Callum langsung memeluknya erat-erat. Bibirnya hampir mengenai hidung Lexy. Ia berusaha untuk menenangkan diri agar tidak menampar sang pangeran. "Selalu..." Gumamnya. "Aku tidak akan pernah melepaskanmu."
Dari sudut matanya, Lexy tidak lagi melihat si pelayan. Ia lagi-lagi melihat pandangan gadis-gadis yang iri kepadanya. Ia menaikkan sudut bibirnya. Bagus, pikirnya puas. Lihatlah ke arahku.

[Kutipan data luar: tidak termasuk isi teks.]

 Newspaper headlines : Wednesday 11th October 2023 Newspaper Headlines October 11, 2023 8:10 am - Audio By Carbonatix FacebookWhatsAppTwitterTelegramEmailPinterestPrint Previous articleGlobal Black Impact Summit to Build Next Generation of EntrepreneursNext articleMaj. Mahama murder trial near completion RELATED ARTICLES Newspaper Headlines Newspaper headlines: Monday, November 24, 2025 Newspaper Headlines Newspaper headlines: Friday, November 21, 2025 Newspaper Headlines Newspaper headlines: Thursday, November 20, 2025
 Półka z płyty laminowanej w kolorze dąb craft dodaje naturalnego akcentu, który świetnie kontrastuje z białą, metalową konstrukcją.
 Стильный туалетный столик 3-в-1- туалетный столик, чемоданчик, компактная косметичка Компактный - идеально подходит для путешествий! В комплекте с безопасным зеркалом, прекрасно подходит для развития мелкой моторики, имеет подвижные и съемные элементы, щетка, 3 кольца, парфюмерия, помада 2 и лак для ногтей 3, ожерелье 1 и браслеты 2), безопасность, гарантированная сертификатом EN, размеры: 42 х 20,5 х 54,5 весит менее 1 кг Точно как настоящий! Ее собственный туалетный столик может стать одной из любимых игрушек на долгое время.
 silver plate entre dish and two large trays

Kali ini giliran Callum yang meraup pipinya, memaksa untuk melihat matanya langsung. Masih dengan wajah mabuk, jari-jari Callum mendarat di belakang kepalanya. Lalu dengan cekatan, ia mulai melepaskan tali topengnya.
Jantung Lexy mulai berdebar-debar. Perasaan tidak enak yang sedari tadi ditanggungnya mulai menjalarinya. Bagaimana jika efek dari Madu Susu berkurang dan wajahnya mulai kembali seperti semula?

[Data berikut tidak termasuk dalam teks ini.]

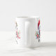 Créez une tasse de Noël personnalisée unique qui comporte un manchot mignon dans un chapeau de Père Noël rouge et une écharpe, entourée de verdure et d'ornements festifs.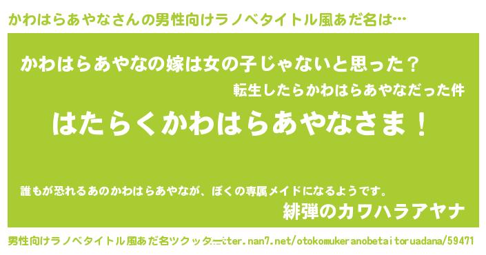 | 意味不明あだ名 | 『とにかく怪しいかわはらあやな』 |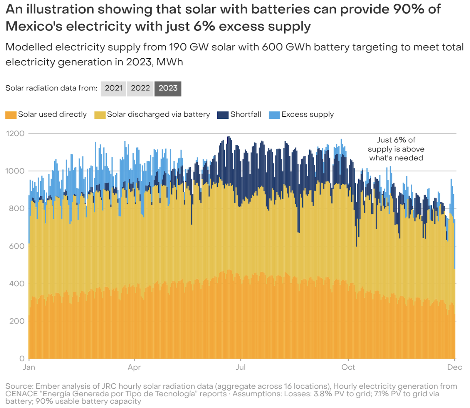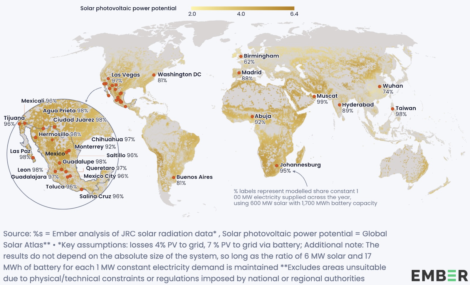 Beräkningar visar att 190 miljarder watt solenergikapacitet och 600 miljarder wattimmar batterilagring kan täcka nittio procent av Mexikos elproduktion med endast sex procent överskottsel.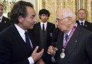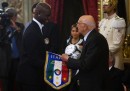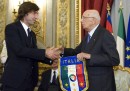 Lunedì la Nazionale italiana di calcio è tornata a Roma dopo la fine degli Europei e ha incontrato il presidente Giorgio Napolitano al Quirinale. Andrea Pirlo e Mario Balotelli gli hanno consegnato il gagliardetto della squadra e un pallone ufficiale degli Europei firmato da tutti i calciatori, mentre Gianluigi Buffon ha letto i nomi dei suoi compagni. Cesare Prandelli ha regalato a Napolitano una delle medaglie d’argento vinte e lo ha definito «il nostro primo tifoso», dicendo che «ci ha aiutato a sopportare la sconfitta», riferendosi alla lettera ricevuta da Napolitano alla vigilia della finale contro la Spagna.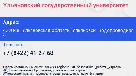 Ульяновский государственный университет по адресу 432048, Ульяновская область, Ульяновск, Водопроводная, 3 в дальнейшем Организация, размещена в следующих категориях:
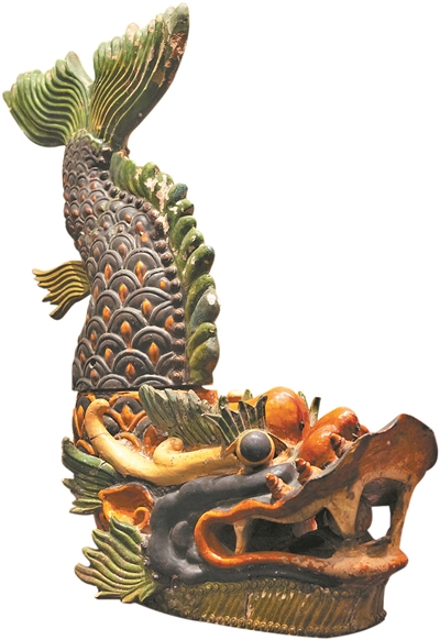 镇海楼(广州博物馆)内陈列的明代石湾窑鳌鱼,原是明万历年间佛山霍氏祠堂屋脊的装饰物。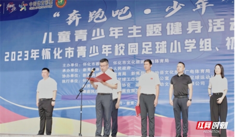 7月4日,由怀化市教育局、怀化市文化旅游广电体育局主办的“奔跑吧 ·少年”儿童青少年主题健身活动暨2023 年怀化市青少年校园足球小学组、初中组联赛在新晃拉开帷幕。新晃侗族自治县委宣传部部长杨荣昌致辞,对各支参赛队伍的到来表示热烈欢迎,并表示新晃将高质量做好赛区各项保障工作,为各队创造良好的比赛环境。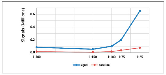 Optimization of anti-β-actin antibodies dilution on capillary western blot: Different dilutions of anti-β-actin (1:25; 1:75; 1:100; 1:150 and 1:300) were used on 0.5 mm2 LCM section of rat kidney. Signal and baseline, the area under the curve was analyzed to select the best dilution of anti-β-actin antibodies. Dilution 1:75 was selected and used for further experiments.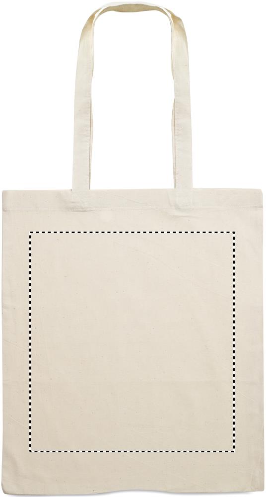 Ostoskassi pitkillä kahvoilla, materiaali luomupuuvillaa, 180 gr/m². Valmistettu EU:ssa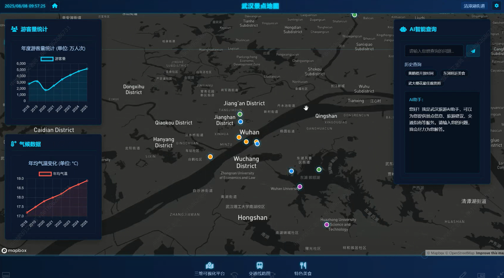 平台成功实现了武汉城市的数字化展示,通过WebGIS技术整合景点、交通、美食等多维信息,为游客提供全方位的智慧旅游服务。项目团队掌握了前端可视化与交互技术,构建了集实用性、美观性和创新性于一体的旅游信息平台。

Topeng keemasan miliknya sudah benar-benar dilepas. Callum melempar topeng itu ke lantai, dan tiba-tiba saja menyatukan bibir mereka.

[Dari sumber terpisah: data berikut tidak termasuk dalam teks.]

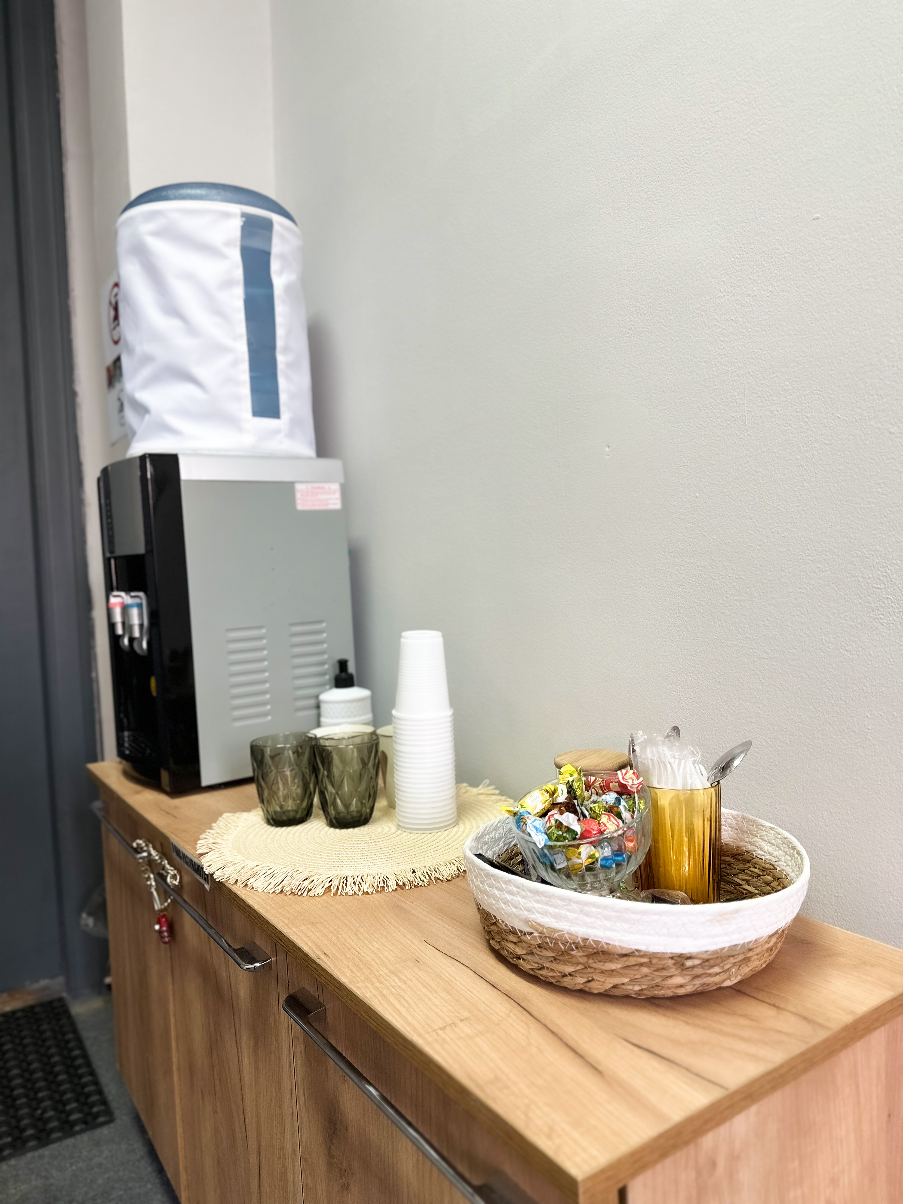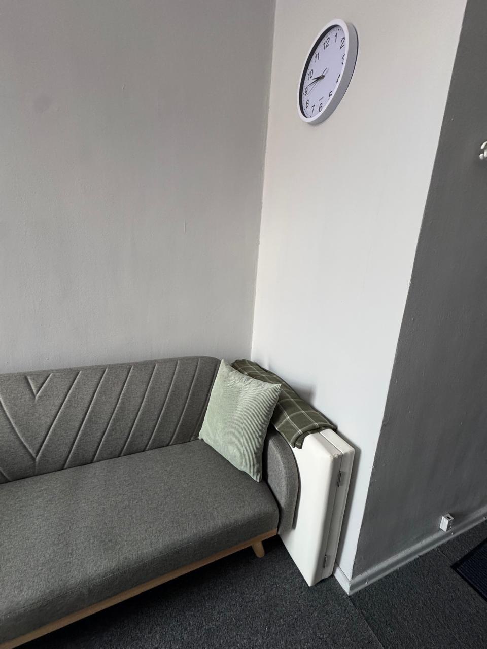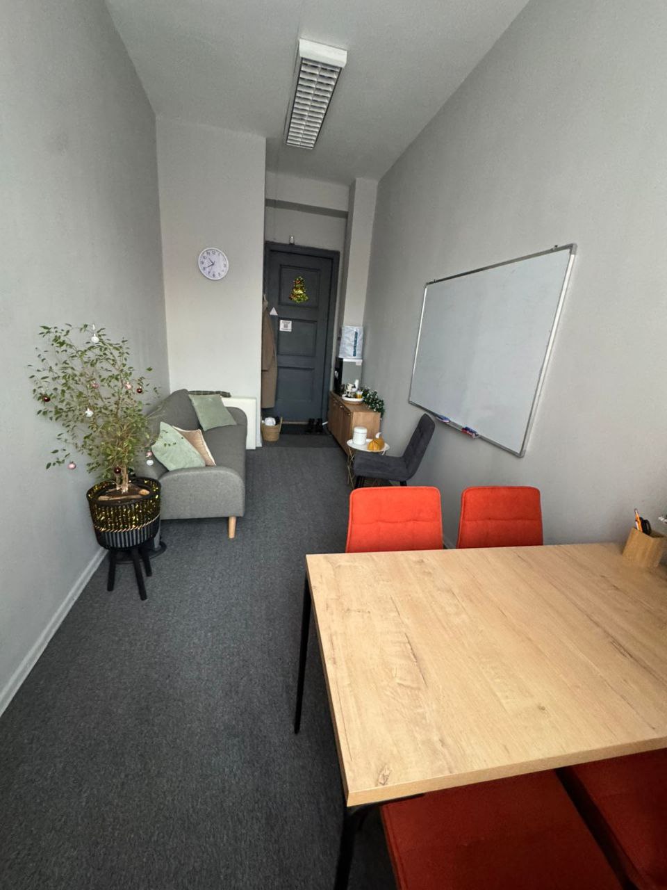 диван, стол, 5 стульев, ковролин, кольцевая лампа, маркерная доска

Semua orang langsung terkesiap, termasuk juga dirinya. Ia dapat merasakan angin yang meniup wajahnya tanpa topeng. Amarahnya semakin terasa, dan ia tidak dapat berbuat apa-apa selagi bibir sang pangeran menyentuh bibirnya.
Callum mempererat dekapannya, dan terus-terusan menciumnya. Napas mereka bercampuran, dan aroma dari tubuhnya yang seperti wangi mawar mulai memenuhi penciuman Lexy. Callum mengelus-ngelus punggungnya, lalu tangan satunya lagi mendarat ke bagian pinggulnya.
Lexy menghembuskan napas gugup. Bibir Callum terasa lembut dan basah. Callum berbisik ke mulutnya, "Kau milikku, Alena."